Friday, April 4, 2008

Introduction: Sonrisas by Pat Mora

1)Mora, Pat. "Sonriasa." The Norton Introduction to Poetry. Comp. Paul J. Hunter, Alison Booth, and Kelly J. Mays. Ed. Peter Simon. New York, London: W.W. Norton and Company, 2007. 239.

Sonrisas
I live in a doorway
between two rooms. I hear
quiet clicks, cups of black
coffee, click, click like facts
budgets, tenure, curriculum,
from careful women in crisp beige
suits, quick beige smiles
that seldom sneak into their eyes.
I peek
in the other room seƱoras
in faded dresses stir sweet
milk coffee, laughter whirls
with steam from fresh tamales
sh, sh, mucho ruido,*
they scold one another,
press their lips, trap smiles
in their dark, Mexican eyes.
--Pat Mora
From Borders, 1986.
* lots of noise

2) Sonrisas is a short poem where the speaker describes him/herself as living between two doorways. In one room a quiet setting of uptight women is described. They do not really talk or smile and stick strictly to business. In the other room a setting of loud women who are boisterous and happy is found, they are Mexicans.
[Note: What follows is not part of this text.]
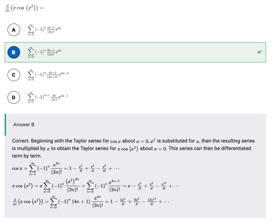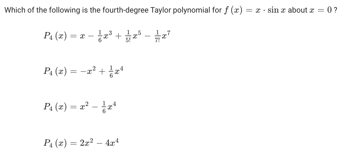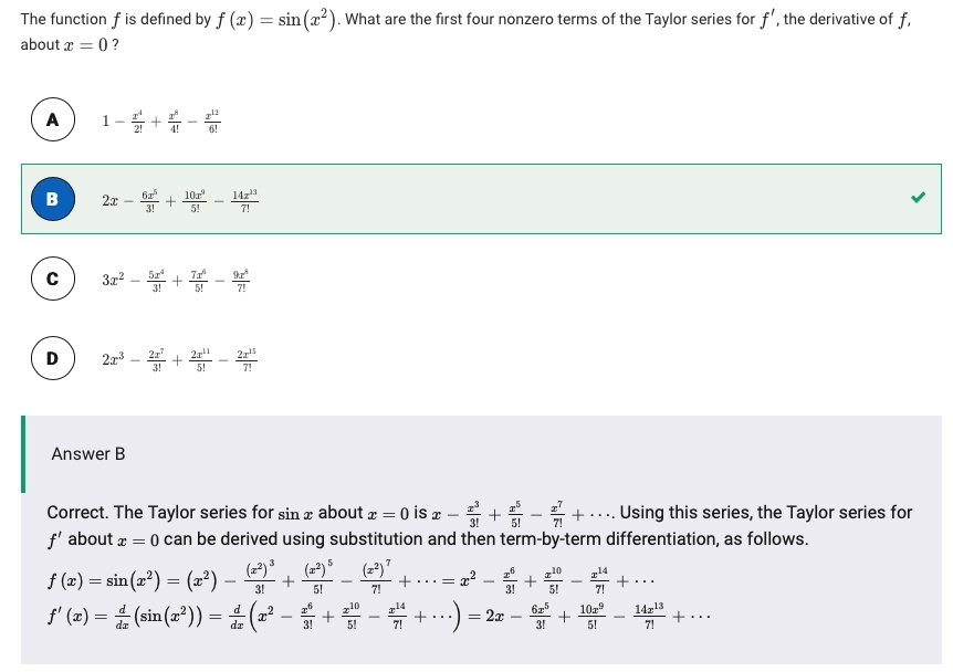 Let \(f\) be a function such that \(f'(x) = \sin (x^2)\) and \(f(0)=0\). What are the first nonzero terms of the Maclaurin series or \(f\)?

3) I like this poem because it describes two different cultures through coffee, and the atmosphere women create when drinking it. I also enjoy the use of Spanish, the fact that it does not rhyme, and the image of different smiles in each culture's eyes. It made me aware of the way Mexican-Americans, or any mixed race, must feel in the world.

4) "Sonrisas" reminded me of "Living in Sin" by Adrienne Rich. The use of coffee to represent a woman's state of being/mind is a commmon factor in these two stories. "Living in Sin's" speaker let the coffee boil over on the stove top. This small neglectful element is very telling of her state in the poem. She could boil over from the patriarchal dominance of her culture. "Sonrisas" uses the coffee to explain the difference in two cultures in the same setting. In one, she shows, "quiet clicks, cups of black coffee, click click like facts, budgets, tenure, curriculum..." (3-5). Then, in the next setting we see, "sweet milk [being stirred] coffee, laughter whirls with steam from fresh tamales sh, sh, mucho ruido" (11-14). The use of image of coffee in both poems reflects the situations portrayed.

1 comment:

Desiree Goodwin said...

I really like the poem you chose! I love how the atmosphere is decribed by two women drinking coffee and how the culture is described.